Hmm, I've had a sour taste on beer when bottling that has mellowed out over a couple weeks but I am not sure about the bitterness. Were your hop additions correct? Was the AA% in your hops the same as the recipe?

Either way, it will most likely smooth out over time.
 
I have tasted similar bitter aftertastes - and had them go away.

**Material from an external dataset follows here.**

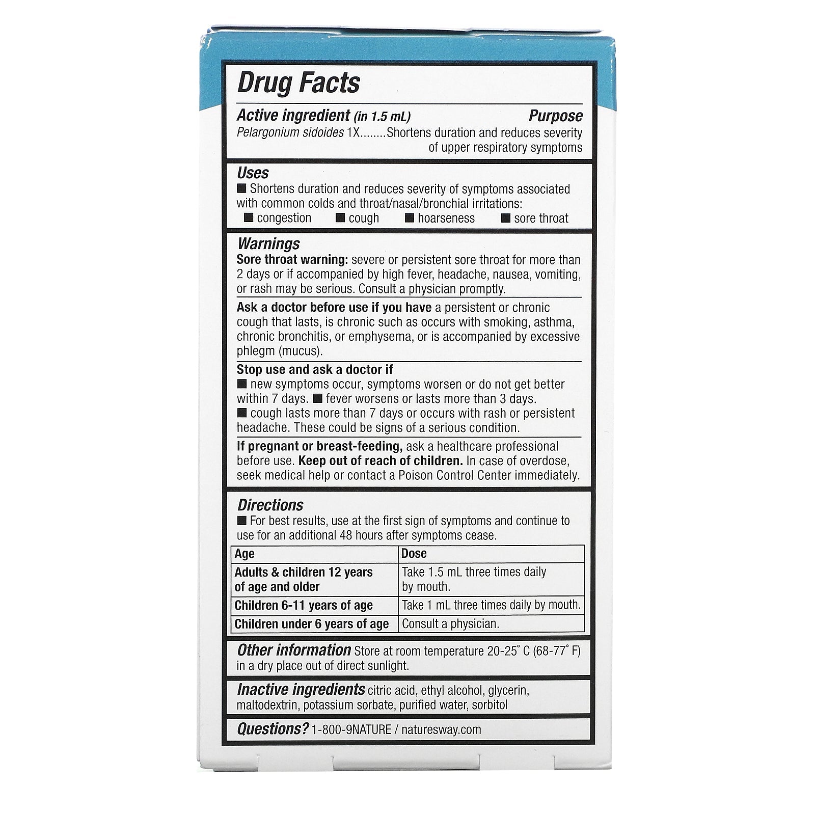 Drug Facts Active Ingredient (in 1.5 ml) Purpose Pelargonium sidoides 1X Shortens duration and reduces severity of upper respiratory symptoms Inactive ingredients : Citric acid, ethyl alcohol, glycerin, maltodextrin, potassium sorbate, purified water, sorbitol.Supplement Facts

Realize that you are tasting uncarbonated, green beer. Give it time and let it mature before you start worrying, or worse, trying to diagnose an issue that may not even exist.
 
Hmm, I've had a sour taste on beer when bottling that has mellowed out over a couple weeks but I am not sure about the bitterness. Were your hop additions correct? Was the AA% in your hops the same as the recipe?

Either way, it will most likely smooth out over time.

I didn't put in any additions, I made it standard from a kit so it's just the wort and dextrose. I would actually say it tastes more sour than bitter if you associate bitter with hops, but in any case it tastes off. It wouldn't be contaminated, would it? I've taken lots of precautions to prevent that but you never know.

The only thing I can think of that may have gone wrong is that ambient temperature during primary fermentation was inconsistent because we got a sudden heat wave, so the temperature in my room was up for a day or two. Would that account for this? I'm hoping it just needs to mellow in bottles.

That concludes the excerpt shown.